Here's Sudhir Venkatesh explaining that Eliot Spitzer didn't pay enough for his needs. Venkatesh says that high-end prostitutes can be divided into roughly three categories, and the higher you go, the more money you pay, the less likely you deal with agencies and middle-men, the less likely you are to get caught, and - get this - the less likely you are to have sex. As he says, for thousands of dollars, "that's one helluva conversation".

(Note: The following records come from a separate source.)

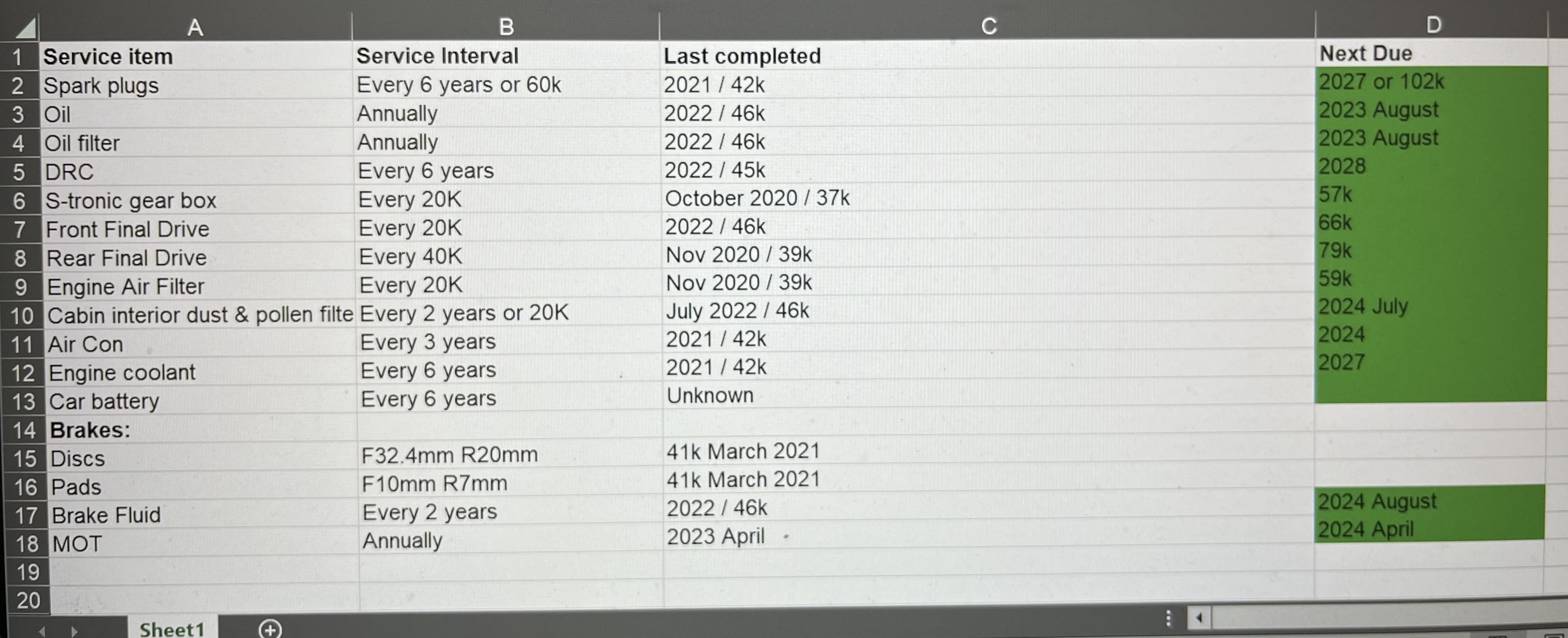 I’ve added a picture of the spreadsheet I use for maintenance tracking so anyone interested can get a sense of when next round of maintenance is due.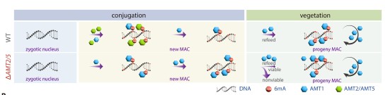 20255月,原生动物学研究室高珊教授课题组在Science Advances杂志发表题为Identification and characterization of the de novo methyltransferases for eukaryotic N6-methyladenine (6mA)的研究成果。这项研究以单细胞真核生物-嗜热四膜虫为材料,利用其接合生殖过程中无6mA的合子核发育为有6mA的子代新大核这一独特的时间窗口,鉴定了MT-A70家族蛋白AMT2AMT56mA从头甲基化酶,并揭示了两者在6mA从头建立及细胞正常发育中的关键作用。
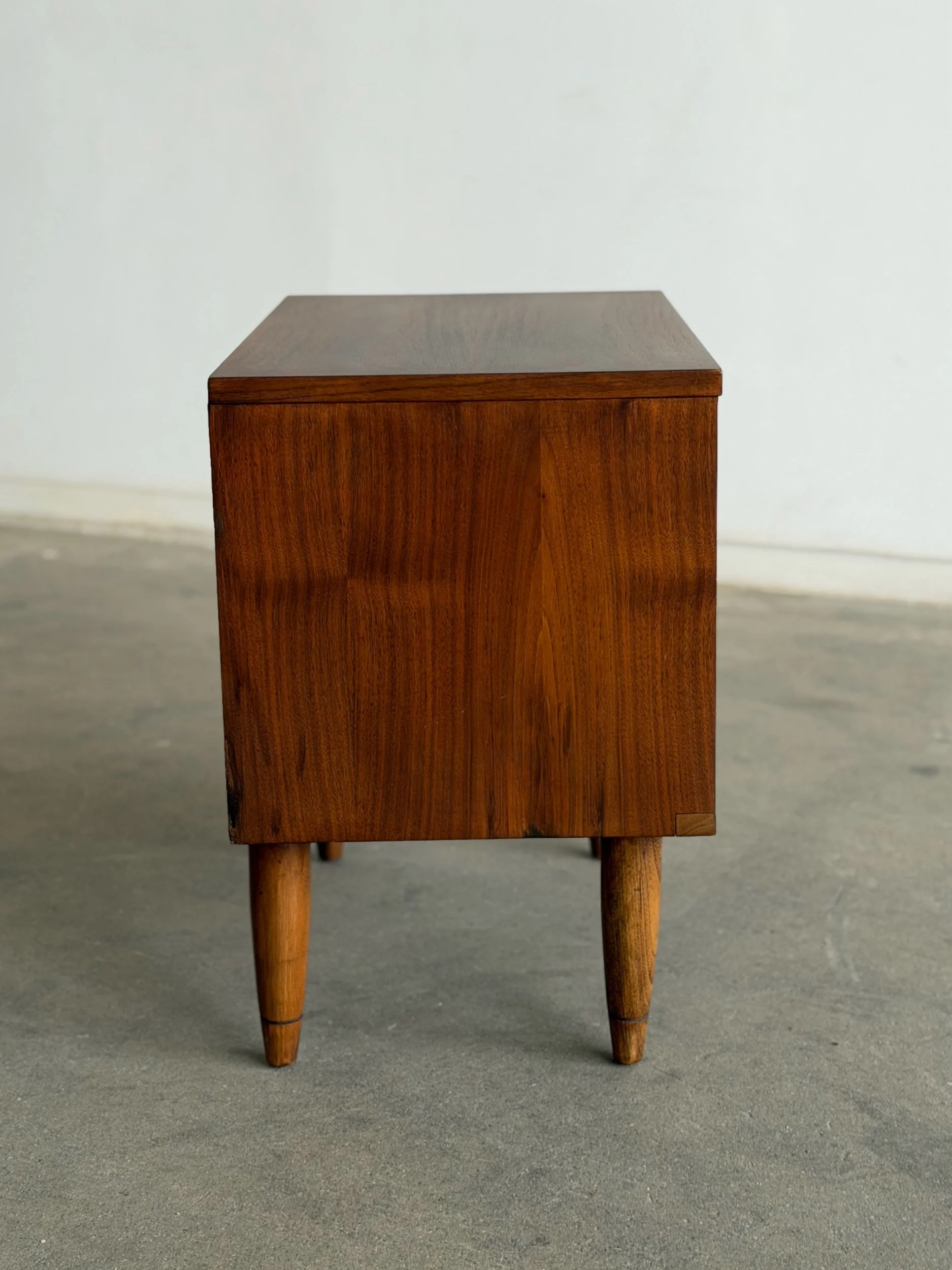 Minimal Walnut nightstand is designed with clean lines and a timeless silhouette. Crafted to highlight the natural richness of the wood, this piece brings warmth, simplicity, and functional elegance to any bedside.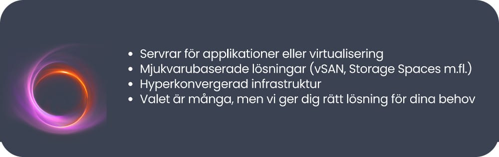 Våra skräddarsydda och skalbara lösningar gör det lätt att framtidssäkra er IT- miljö på ett flexibelt och kostnadseffektivt vis.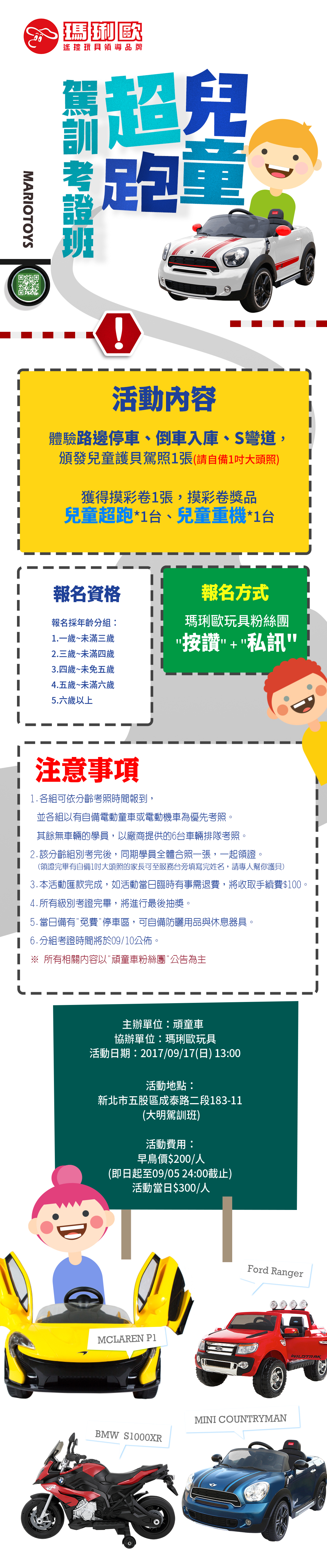 2017.09.17(日) 13:00第三屆 兒童超跑駕訓考證班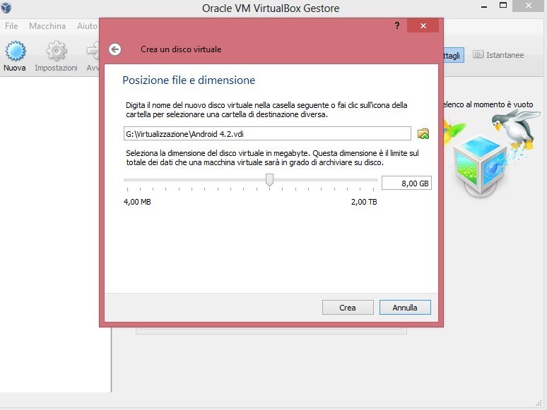 - Ora scegliete di creare un hard disk virtuale ora, quindi selezionate VDI e l’allocazione fissa, che occupa esattamente quanto vorrete sull’hard disk e verrà creata più lentamente rispetto all’allocazione dinamica ma vi garantirà prestazione nettamente superiori con Android 4.2.2. Lo spazio da assegnare va da un minimo di 1 GB ad un massimo di 32 GB.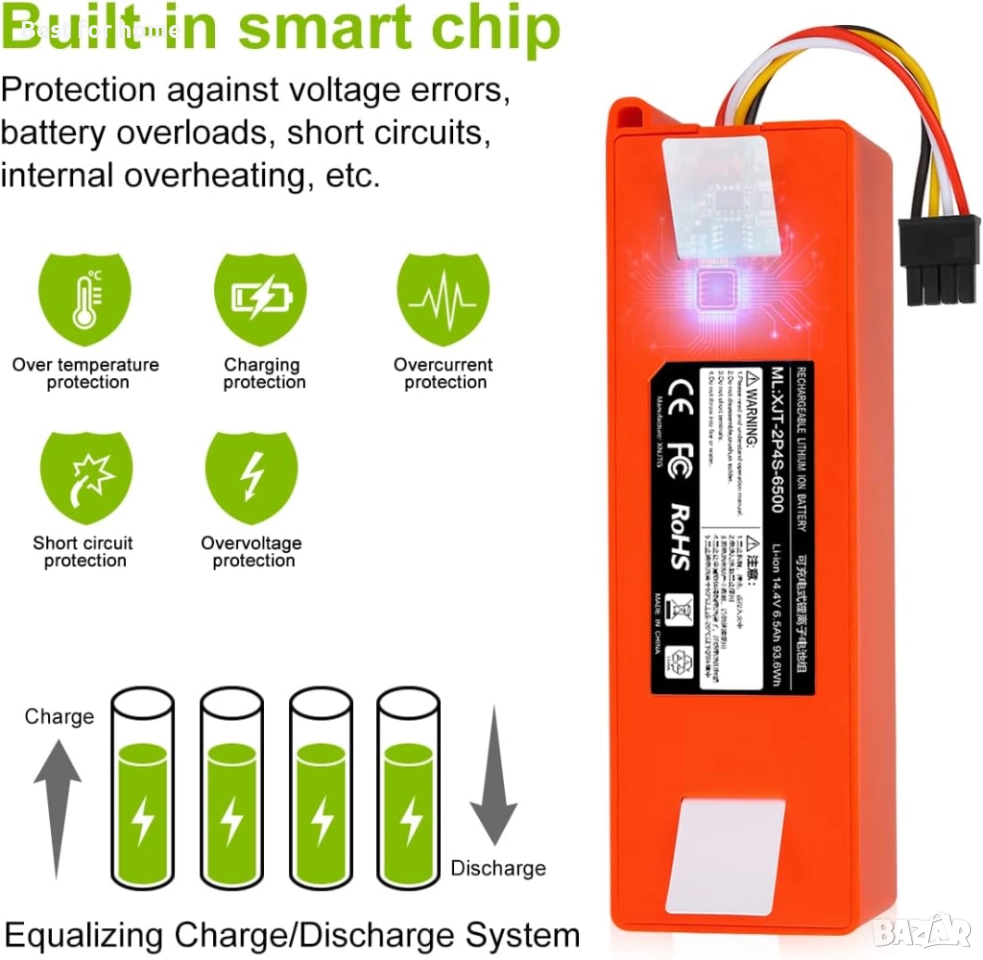 Батерия с висок капацитет: тип: литиево-йонна. Напрежение: 14.4 V. Капацитет: 6500 mAh. Мощност: 93.6 вата. Осигурява стабилно захранване за Xiaomi Mijia Roborock.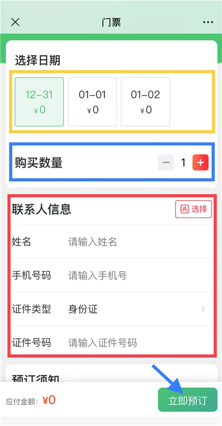 (5)進(jìn)入預(yù)定界面,選擇您要參觀的日期,購買數(shù)量,輸入您相應(yīng)的購票信息,點擊立即預(yù)訂,即可完成預(yù)約。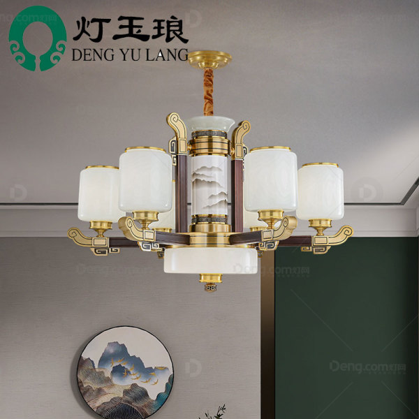 灯玉琅锌合金书房/卧室染色新中式吊灯 头数:6头 型号:AHX68166-6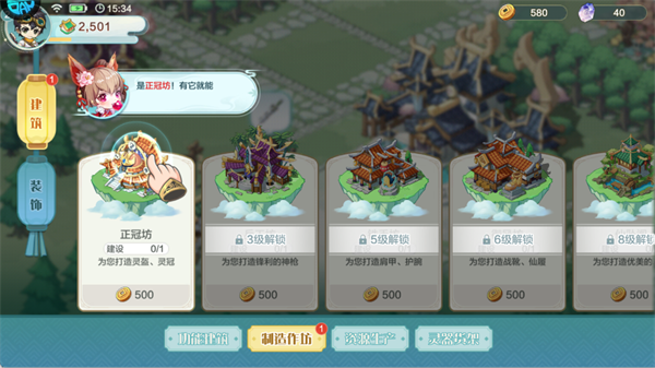 操作:优先建造正冠坊,解锁防具打造,完善法宝体系,提升弟子战力。

Anyway, my two cents on the legal/illegal question is as follows: with marijuana or other soft drugs, there really isn't a question. Making something that ubiquitous and that harmless illegal is hypocrital (because there are infinitely more dangerous things out there, like cigarettes and alcohol, that are legal), stupid (because you're never going to get rid of pot smokers, no matter how hard you try), and wasteful
(because governments could be earning revenue from making it legal but taxing the hell out of it, like ciggys). But with stuff like prostitution or heroin, the question is harder. On the one hand, I'm inclined to say, "Well, you're never really going to get rid of it, so you may as well try and bring it out in the open so it's less harmful and better regulated." On the other hand, legalizing stuff that like prostitution and cocaine...man, that's opening up a can of worms. Where do you stop then? If all crime is a function of human nature and desire, and we decide we can't change desires, where do we stop? At some level, isn't killing people about desire? Should we make murder legal because "it's always going to be out there, so we might as well make it legal"? So I guess I would say: I don't know.

4 comments:

Anonymous said...

i understand you're hyperbolizing for the sake of making a point, but even so, your argument has a serious flaw: generally speaking, cocaine use only hurts the user, while murder (obviously) harms others as well.

naqiya said...

@ahsan:
You are right, the comments are priceless! like this little jem: "If we recall our memory in the recent past, we see the innocent girls students of Lal Masjid, who kidnapped the Chinese sex workers from a massage center in Islamabad, they just kidnapped them and warned and set them free in clowns (Burqas) after few hours."

@anon:
I disagree: cocaine addiction can have serious repercussion for the families of users and the community etc. Murder on the other hand does not always have to be bad: what if you kill a known pedophile? or a corrupt politician who steals pension money from poor govt workers? I think what ahsan is trying to say is that everything is one giant gray area, and its pretty hard to make blanket judgments for things being right or wrong (and by extension making them legal or illegal). Context is important.

Anonymous said...

The Freakonomics interview with a hooker brings new meaning to freakonomics.

Ahsan said...

anon1213:

i really liked it. it was the rare interview where i learned less about the interviewee and more about the subject under discussion. too many interviews are laden with bullshit, and not nearly enough are actually insightful.